- Film poster
- Directed by: Yance Ford
- Produced by: Joslyn Barnes Yance Ford
- Cinematography: Alan Jacobsen
- Edited by: Janus Billeskov Jansen
- Music by: Hildur Guðnadóttir
- Production companies: Yanceville Films Louverture Films
- Distributed by: Netflix
- Release dates: January 23, 2017 (Sundance Film Festival); September 15, 2017;
- Running time: 107 minutes

= Strong Island (film) =

2017 film directed by Yance Ford

Strong Island is an American 2017 true-crime documentary film directed by Yance Ford.

==Synopsis==
The film centers on the April 1992 murder of Ford's brother William, a 24-year-old African-American teacher in New York, who was shot and killed by Mark P. Reilly, a 19-year-old white chop shop mechanic. An all-white grand jury in Suffolk County declined to indict his killer, who claimed self-defense.

==Release and reception==
The film premiered at the 2017 Sundance Film Festival. Worldwide rights were acquired by Netflix. It received a Gotham Independent Film Award for Best Documentary in 2017 and was nominated for the 2018 Academy Award for Best Documentary Feature. It was also nominated for an Emmy in Exceptional Merit in Documentary Filmmaking that year.

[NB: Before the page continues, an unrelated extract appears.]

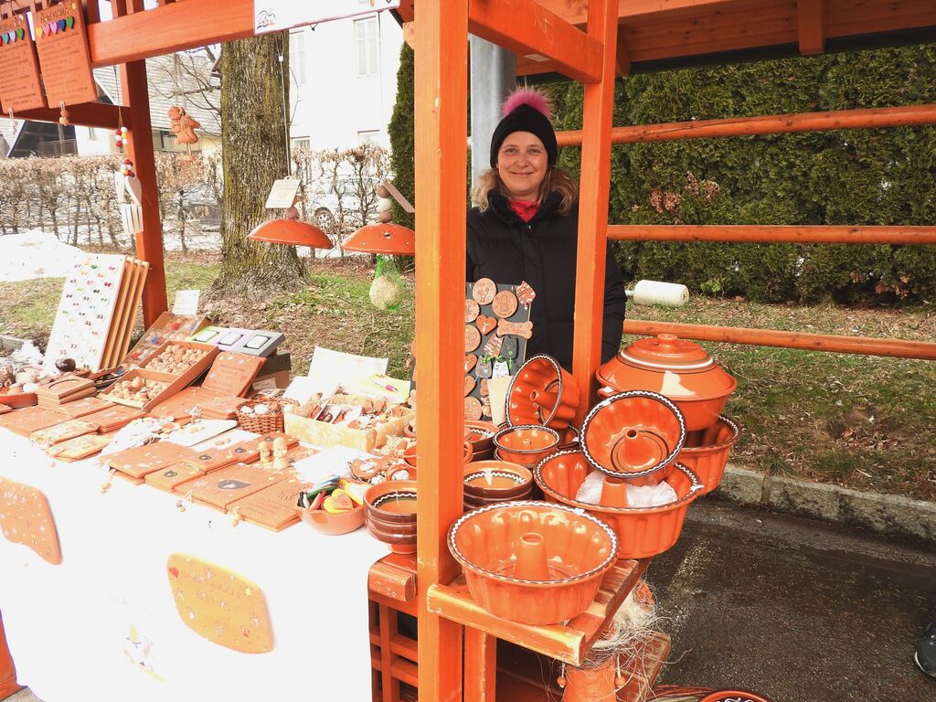 Obiskovalcem so bili na voljo tudi unikatni izdelki iz žgane gline in lončarski izdelki Andreje Škulj - Atelje lončarstva, Elvira Kralj iz Podnarta pa je ponudila kvačkane in klekljane izdelke. Besedilo in foto Janez Kuhar, Cerklje,19.2.2023
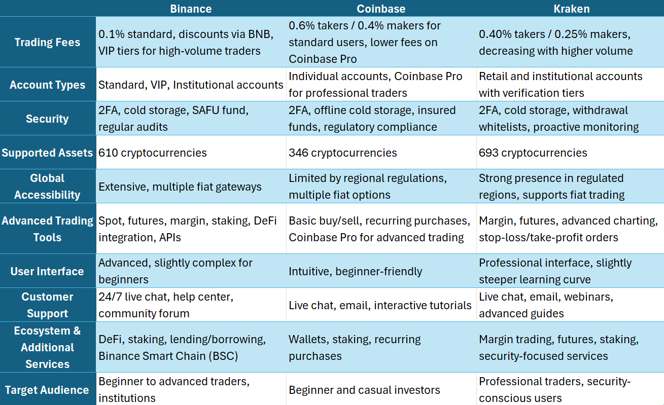 The choice between Binance, Coinbase, and Kraken often comes down to the user’s trading style, technical knowledge, and desired level of platform complexity. Binance remains the go-to choice for users seeking versatility and advanced options, while Coinbase excels in accessibility and regulatory reassurance. Kraken strikes a balance between security, advanced trading tools, and reliability, appealing to users who value both technical features and a strong track record of protection.

It received generally positive reviews from critics. Inkoo Kang of TheWrap said the film "is a demanding, wrenching watch; an important work." Bilge Ebiri of The Village Voice said the film is "truly special, especially as it moves towards its final act... the film is unflinching in its portrayal of their devastation after the loss of their eldest son."